Lgbtq mit

The College Fix

‘The point they seem to be making was that they should not have the right to say it’

Massachusetts Institute of Technology students behind flyers and chalkings recently found at the academy that included slurs against LGBTQ people were protesting the university’s emerging policies in support of free speech.

The incident came in the wake of a two-month-old MIT faculty resolution that defends freedom of speech and expression — even speech some locate “offensive or injurious.”

A Feb. 23 memo from MIT administrators stated flyers posted across campus and some chalking outside a academy entrance “contained slurs directly targeting the LBGTQ+ community.”

MIT’s bias response team investigated, the memo added, and determined “the messages were put up by students choosing to use highest speech to call attention to and protest what they see as the implications of” several modern pro-free speech policies and efforts at the school.

“The chalking and flyers that carried slurs were place up as part of a much larger establish of flyers, expressing a wide range of views, many framed in provocative terms. We have been told that t

The College Fix

Student leader said he did it to show MIT administration ‘the tax they impose on marginalized communities’

Massachusetts Institute of Technology’s student government president has been removed from his position and faces a recall election due to his role in perpetrating two campus hate-crime hoaxes hanging posters and chalking slurs against LGBTQ people, Latinos and other “marginalized communities.”

Undergraduate Association President David Spicer helped suspend the offensive posters and chalk the quad once in February and then again in mid-April during Campus Preview Weekend, infuriating his peers — even progressive ones who once championed him as a leader in campus diversity and inclusion.

Spicer has publicly admitted to — and defended — his role in the effort, arguing he did it to protest the university’s newly implemented wide-ranging policies in support of free speech.

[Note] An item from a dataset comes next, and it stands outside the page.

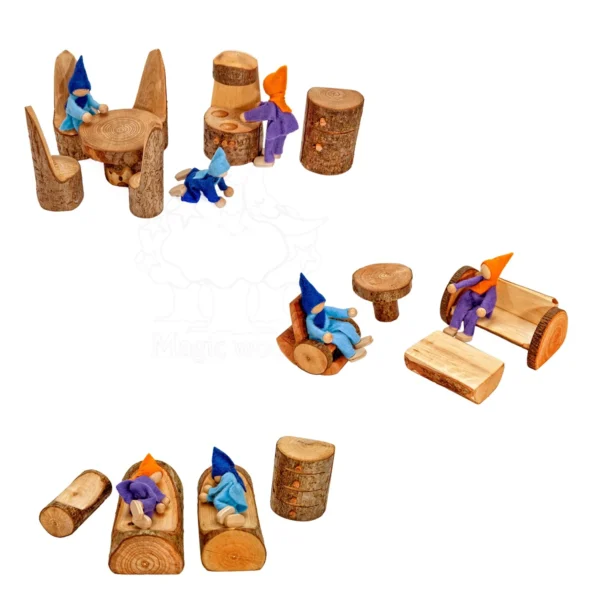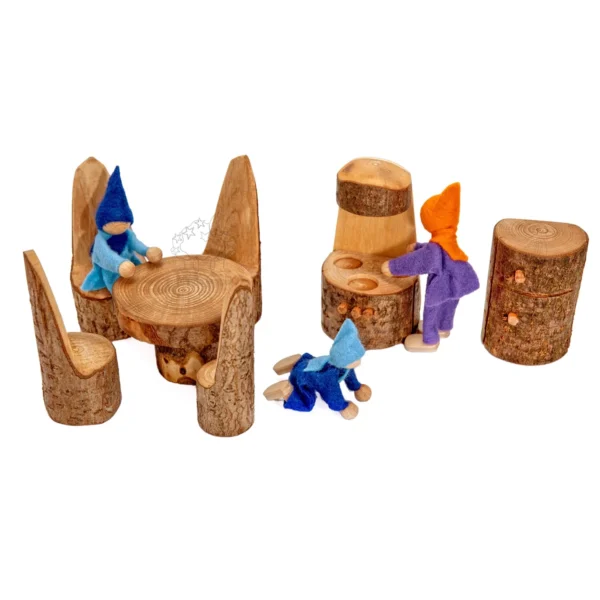 Alle boomhutten en poppenhuizen hebben meubeltjes nodig. Deze meubellijn biedt voldoende voorzieningen om mee te spelen. Je kunt alle Small world interieurs decoreren en de speelwaarde van ander speelgoed verhogen. Het rustieke uiterlijk past goed bij ander speelgoed in Waldorf-stijl.

“My decision to participate in the postering campaign was not one made lightly. I decided to participate in the effort because I wanted, and still want, an MIT that supports students on the margin,” Spicer wrote in an April 27 op-ed

Author of Queeristan spreads vision of inclusion

The dot-com bubble had recently burst, and Shahani found his own haven at MIT. “I was drawn to the intensity, the excitement, and the truth that it was a humanities program in the middle of a technology institute,” he says, laughing. “Plus, everyone was so weird! And I’ve always considered myself to be weird.”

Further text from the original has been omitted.